Instructions for the task:
Working from the data below, write out exactly the lines from its first through the line that contains "Mikhaïl Eisenstein dessina", both ends included and pictures omitted.

Information supplied:
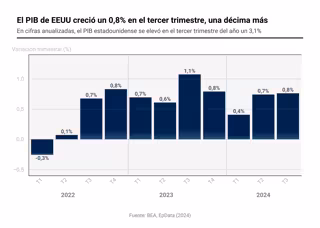La expansión de la economía de EE.UU. en el tercer trimestre se produjo, principalmente, por el aumento del consumo, las exportaciones, la inversión fija no residencial y el gasto del Gobierno federal, mientras que las importaciones, que son una sustracción en el cálculo del PIB, aumentaron entre julio y septiembre.
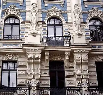 Mikhaïl Eisenstein dessina aussi des immeubles rue Strelkov (aujourd'hui Strelnieku), dont l'un au n° 4 de couleur bleu azur, décoré de délicates statues, est un exemple du raffinement du Siècle d'argent.
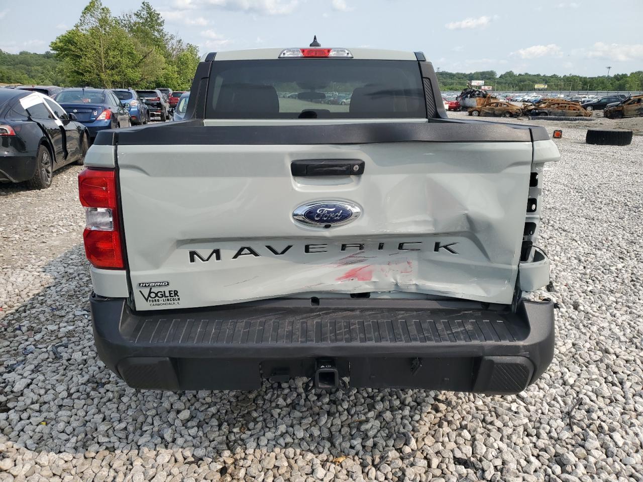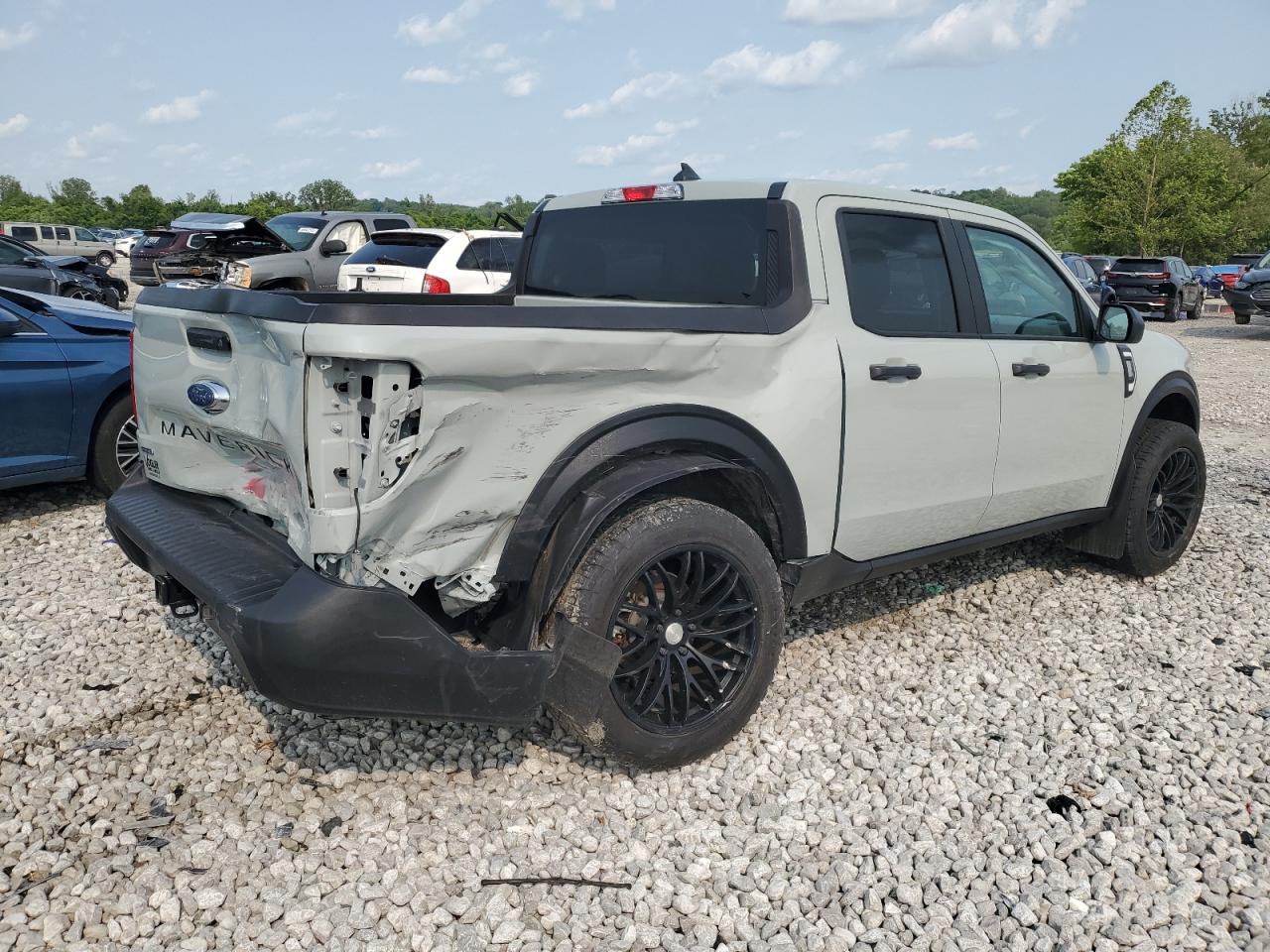 The Ford Maverick X has significant damage to the rear end, including the tailgate and bumper. The damage appears to be Body damage, likely impacting structural elements. The damage is visible on the rear body panels.

Task output:
La expansión de la economía de EE.UU. en el tercer trimestre se produjo, principalmente, por el aumento del consumo, las exportaciones, la inversión fija no residencial y el gasto del Gobierno federal, mientras que las importaciones, que son una sustracción en el cálculo del PIB, aumentaron entre julio y septiembre.
 Mikhaïl Eisenstein dessina aussi des immeubles rue Strelkov (aujourd'hui Strelnieku), dont l'un au n° 4 de couleur bleu azur, décoré de délicates statues, est un exemple du raffinement du Siècle d'argent.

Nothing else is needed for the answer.